_Task to carry out_
Omit every picture while you reproduce the entries that follow word for word.

_Provided data_
====================

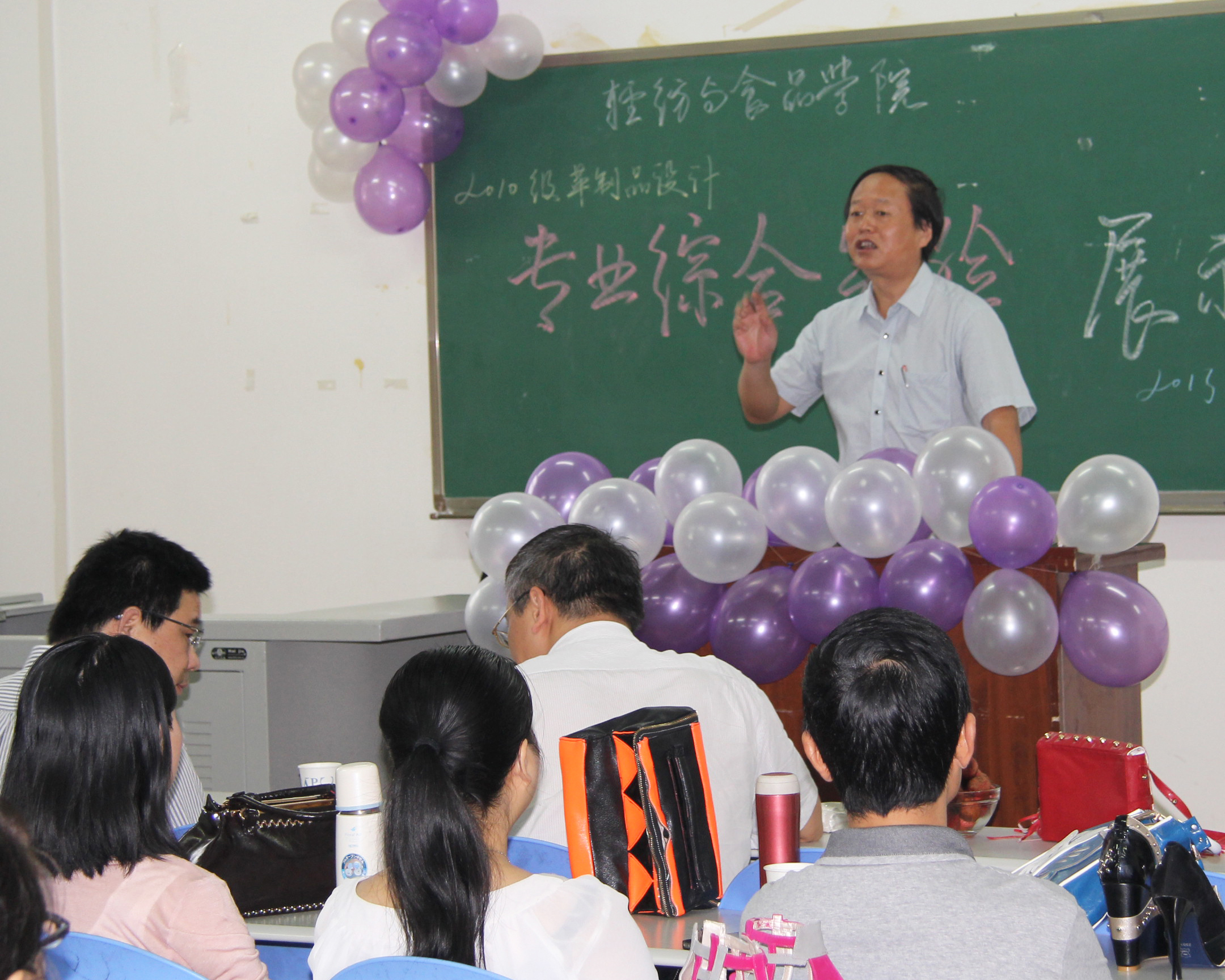 党委赵毅书记、院党委副书记刘晓虎副教授、生物质与皮革工程系副主任彭必雨教授、革制品教研室徐波主任、革制品教研室杨璐铭副教授、姚云鹤、曾琦老师以及2010级辅导员李晓秀老师等。此外,到场的还有2010级、2011级革制品设计方向的全体同学,以及2010级轻化工程制革和商贸方向,以及轻工生物技术的部分同学。
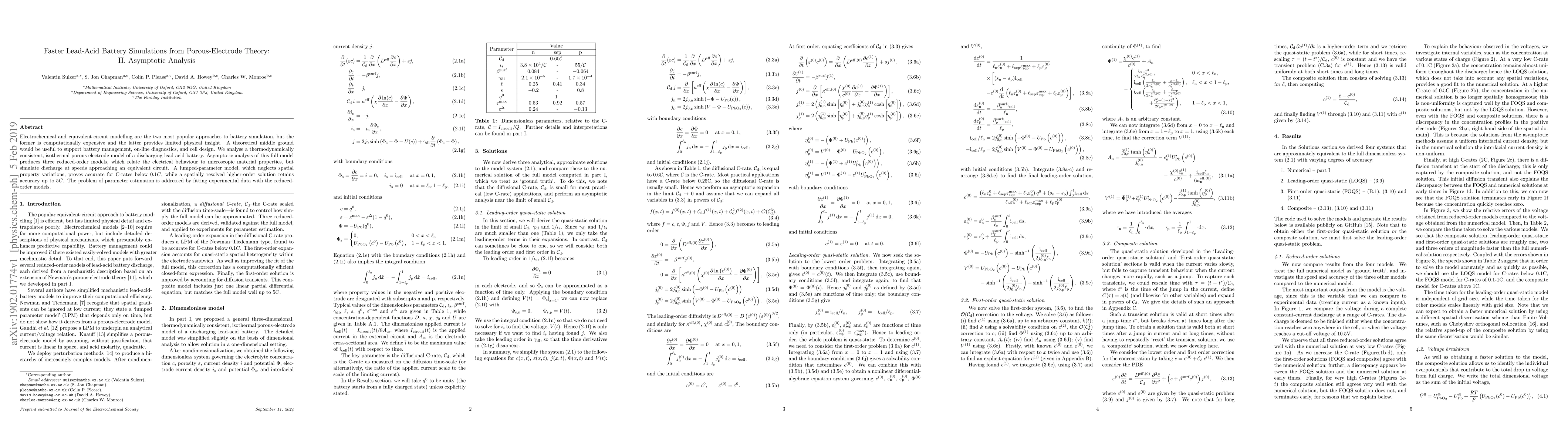 This paper develops reduced-order models from a porous-electrode theory for faster lead-acid battery simulations, offering a balance between computational efficiency and physical insight. The models accurately simulate discharge rates up to 5C, with a lumped-parameter model effective for lower rates.
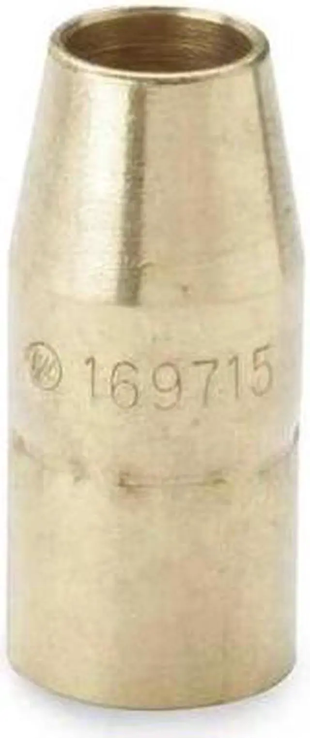 Nozzle, Compatible with Brand Hobart, Miller, Series M-Series, Compatible with Series HR100, M-10, M-15, Compatible with Model 169589, 169591, 169593, 195605, 284546, 285033, Bore Diameter 1/2 in, Connection Type Slip-On, Nozzle to Tip Relationship Flush, Nozzle Number 169715, Nozzle Shape Conical, Material Brass, Insulation Type Self-Insulated, Duty Rating Standard Duty, For Contact Tip Series M-Series, For Gas Diffuser Number 169716, Welding Processes MIG Welding (GMAW)
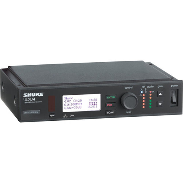 The ULXD4-V50 is compatible with a range of Shure ULX-D transmitters, including handheld and bodypack options, allowing for flexible configurations tailored to specific application needs. Its advanced features and robust performance make it an ideal choice for live performances, corporate events, and broadcast applications where high-quality, secure, and reliable wireless audio is essential.
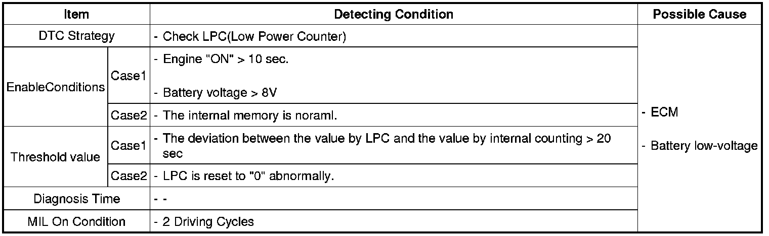 If The deviation between the value by LPC and the value by internal counting is over 20 sec or ECM detects an error on internal memory, ECM sets P2610.
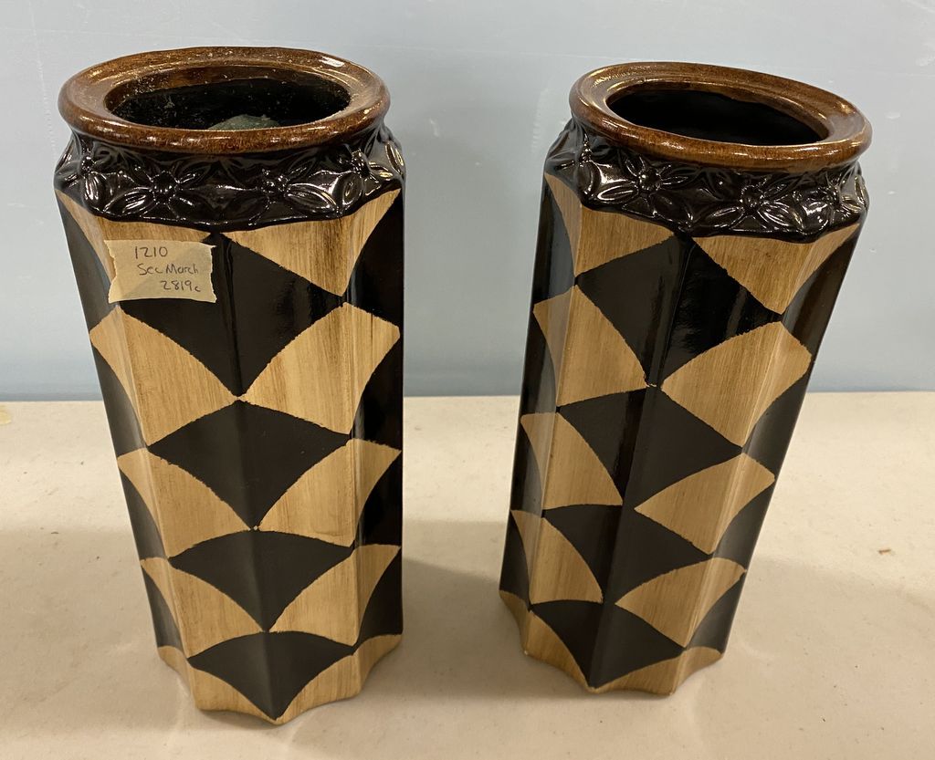 Two Home Accent Ceramic Planters, 12"h. Location Left Metal Shelves Two Home Accent Ceramic Planters, 12"h. Location Left Metal Shelves
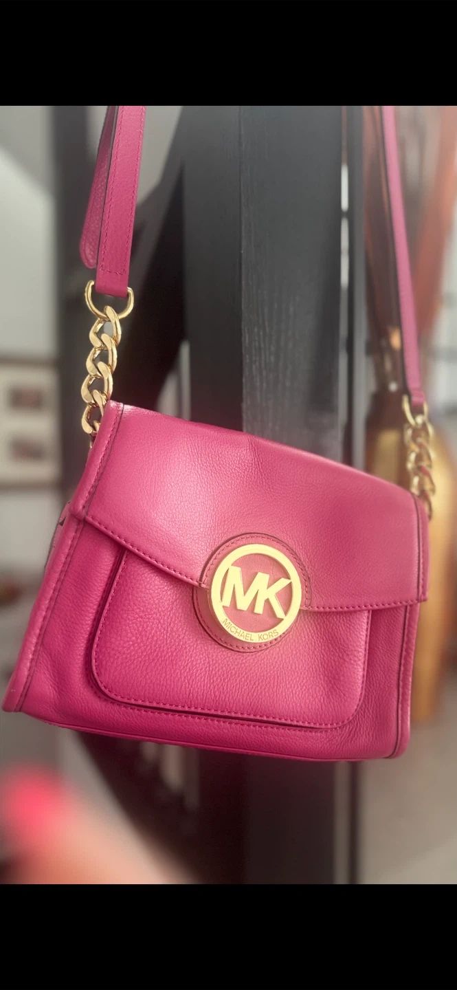 Selling a cute Michael Kors crossbody bag! It's a vibrant pink colour and features the classic MK logo in gold. The bag has a chain and leather strap. It's in great shape and barely used.

====================

_Answer for the task_
 党委赵毅书记、院党委副书记刘晓虎副教授、生物质与皮革工程系副主任彭必雨教授、革制品教研室徐波主任、革制品教研室杨璐铭副教授、姚云鹤、曾琦老师以及2010级辅导员李晓秀老师等。此外,到场的还有2010级、2011级革制品设计方向的全体同学,以及2010级轻化工程制革和商贸方向,以及轻工生物技术的部分同学。
 This paper develops reduced-order models from a porous-electrode theory for faster lead-acid battery simulations, offering a balance between computational efficiency and physical insight. The models accurately simulate discharge rates up to 5C, with a lumped-parameter model effective for lower rates.
 Nozzle, Compatible with Brand Hobart, Miller, Series M-Series, Compatible with Series HR100, M-10, M-15, Compatible with Model 169589, 169591, 169593, 195605, 284546, 285033, Bore Diameter 1/2 in, Connection Type Slip-On, Nozzle to Tip Relationship Flush, Nozzle Number 169715, Nozzle Shape Conical, Material Brass, Insulation Type Self-Insulated, Duty Rating Standard Duty, For Contact Tip Series M-Series, For Gas Diffuser Number 169716, Welding Processes MIG Welding (GMAW)
 The ULXD4-V50 is compatible with a range of Shure ULX-D transmitters, including handheld and bodypack options, allowing for flexible configurations tailored to specific application needs. Its advanced features and robust performance make it an ideal choice for live performances, corporate events, and broadcast applications where high-quality, secure, and reliable wireless audio is essential.
 If The deviation between the value by LPC and the value by internal counting is over 20 sec or ECM detects an error on internal memory, ECM sets P2610.
 Two Home Accent Ceramic Planters, 12"h. Location Left Metal Shelves Two Home Accent Ceramic Planters, 12"h. Location Left Metal Shelves
 Selling a cute Michael Kors crossbody bag! It's a vibrant pink colour and features the classic MK logo in gold. The bag has a chain and leather strap. It's in great shape and barely used.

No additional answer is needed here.